In the Eye of Chaos, Trail Blazers Play—And Win—A Normal Basketball Game
The Blazers blew out the Warriors one day after head coach Chauncey Billups' shocking arrest.
📍PORTLAND, Ore. — Well, that was...shockingly uneventful.
The Trail Blazers played their second game of the season on Friday, cruising to a 139-119 win over the Golden State Warriors. Everything positive from their season-opening loss to Minnesota, from the swarming defense to the pace and ball movement on offense, carried over, and this time they didn't give away the game with a shooting dry spell in the fourth quarter.
Everyone, from the players to the coaching staff, felt like the Blazers played well enough to win on Wednesday and felt as encouraged as anyone could by a loss. On Friday, they played just as well, and this time they did win, doing a lot to suggest that their new identity isn't a fluke.
If it weren't for the fact that it was Tiago Splitter and not Chauncey Billups roaming the sideline as head coach, you wouldn't know that anything unusual had happened in the 48 hours between the two games. The Blazers sure didn't play like a team weighed down by being at the center of the biggest scandal in the sports world at the moment.
About that...
As much as the organization stayed on message Friday about pushing forward, it was impossible to completely ignore the aftermath of Billups' shocking gambling arrest a day earlier.
"It's not an easy situation," said Deni Avdija, the only player who spoke before the game. "You feel like something's missing."
Other players filed in and out of the locker room.
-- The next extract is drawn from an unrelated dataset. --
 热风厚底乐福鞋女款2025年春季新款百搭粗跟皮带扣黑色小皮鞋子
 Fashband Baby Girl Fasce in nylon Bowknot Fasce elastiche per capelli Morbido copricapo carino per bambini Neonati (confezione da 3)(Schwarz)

None were nearly as open to small talk, either with reporters or with each other, as they normally were. Out on the court, players went through warmups as usual while general manager Joe Cronin and members of his staff sat on the bench and watched. Cronin, usually talkative and personable before games, was stone-faced, just as blindsided as everyone else by the alleged involvement in a gambling operation of the coach he's tied his career to, the one he signed a twin contract extension with in April, who has served as a largely equal partner for four seasons.
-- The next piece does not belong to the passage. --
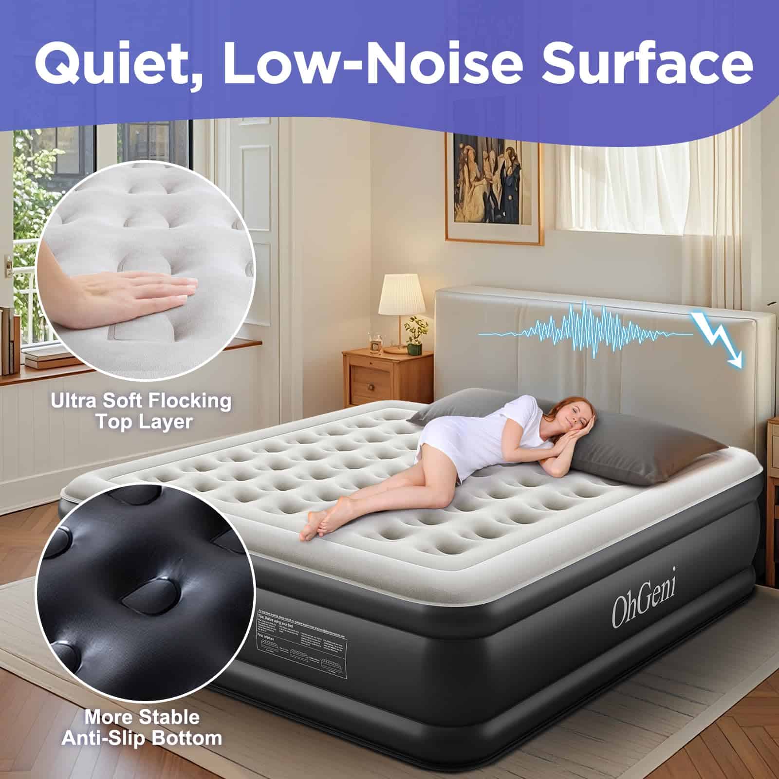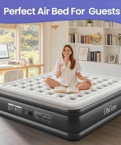 El colchón inflable OhGeni King ofrece una experiencia de descanso inigualable con su diseño cuidadosamente pensado de 18 pulgadas de profundidad y sus amplias dimensiones de 80″L x 76″W x 18″H. Equipado con una bomba de aire eléctrica incorporada de 110V, esta cama inflable garantiza una configuración rápida y sin esfuerzo y soporte de cuerpo completo. Su avanzado sistema de soporte de bobina de aire distribuye uniformemente el peso de la cabeza a los pies, brindando máxima relajación para adultos y durabilidad confiable para toda la familia. Construido con materiales premium de alta calidad, el colchón de aire OhGeni está diseñado para resistir las demandas del uso frecuente. La estructura personalizada de bobina de aire, combinada con costuras reforzadas, garantiza un rendimiento duradero sin la preocupación por el hundimiento o la deflación durante la noche. La práctica bomba integrada infla el colchón en solo 3-4 minutos con el simple cambio de un interruptor, ahorrándote tiempo y esfuerzo. Su diseño práctico se complementa con una bolsa de almacenamiento fácil de transportar, lo que lo hace fácil de manejar y guardar cuando no está en uso. Ajusta la experiencia de dormir a tu gusto ajustando el nivel de inflación para lograr la firmeza deseada, garantizando un sueño reparador y personalizado. El colchón de aire OhGeni viene con un servicio postventa del fabricante de 2 años, brindándote tranquilidad. Apoyado por un equipo de atención al cliente receptivo y confiable, la asistencia siempre está disponible para cualquier consulta o inquietud. Ya sea para uso diario o para hospedar invitados, el colchón inflable OhGeni King combina comodidad superior, durabilidad y conveniencia, lo que lo convierte en una elección versátil para cualquier entorno.

This is a different kind of in-season setback than a star player injury or a performance-based coach firing. Even the cloud around the organization during the December 2021 investigation and eventual firing of president of basketball operations Neil Olshey for workplace-conduct violations wasn't quite like this. The FBI is involved here. No one wants to say the wrong thing.
So they all stuck to the script and talked about controlling what they could control.
"We all play basketball because we love it," Jrue Holiday said afterwards. "It doesn't matter if it's what's happened the last couple of days, or if I've got something going on personally at home, I love being on the court to compete."
Splitter, for his part, in a tough spot here. He left his job as head coach of the French LNB Élite club Paris Basketball this summer to join Billups' staff with the goal of eventually becoming a head coach in the NBA. Nobody expected or wanted it to happen like this.
And with Cronin and other Blazers executives still working through the legalities of the situation with the NBA league office, Splitter was left to speak for the organization about the Billups bombshell in his second day on the job. He declined to answer a question pregame about the greater implications of the gambling scandal on the integrity of the NBA game ("You've put me in a tough position," he told the reporter), but otherwise stuck to the message.
"Keep pounding on the team, what we've got to do on the court," he said. "Try to stay away from what's going on and just focus on the basketball."
That's what you're supposed to say, but this is an unprecedented situation, and even for the highest-level athletes, compartmentalizing something like what happened this week is easier said than done. Eleven years ago, the Los Angeles Clippers were at the center of a similarly high-profile scandal that was completely out of the players' control, when a tape of then-owner Donald Sterling making racist comments about Magic Johnson was published by TMZ before Game 4 of their first-round playoff series against the Warriors. The team staged a silent protest at midcourt before the game, and proceeded to get blown out by Golden State. It's just a lot to deal with that kind of distraction and also play a basketball game.
But the Blazers did just that, and turned a dark week for the organization into something hopeful and optimistic.
On the first possession of the game, Donovan Clingan found Avdija in the paint for a layup. The Blazers overcame a cold shooting stretch early, beginning the game 2-for-10 from the field and 0-for-6 from three-point range in the first four minutes. After that, just about everything worked. Eight players scored in double figures, their defense forced Golden State into 25 turnovers, and they doubled up the Warriors scoring in the paint, 66-30.
"Nobody's feeling sorry for us," Avdija said. "We've got to keep playing. Chauncey himself wouldn't want us to stop. Tiago's a good guy. We have a great coaching staff, good basketball knowledge. Got to keep moving forward."
There were only two plausible outcomes on Friday.
If the Blazers had come out still shellshocked by what happened, and been run off the floor by a veteran Warriors team that looked dominant in their first two games of the season, no one would have been surprised and everyone would have understood the circumstances.
Instead, it went the other way. The Blazers played freely and confidently, sticking to what worked in the first game and, most importantly, sticking together in what would be an impossible situation for any team.
Afterwards, they doused Splitter with what he described as "very cold water." His first win as a head coach was worth celebrating, no matter the circumstances.
"Just to see them smile is a great sensation," he said.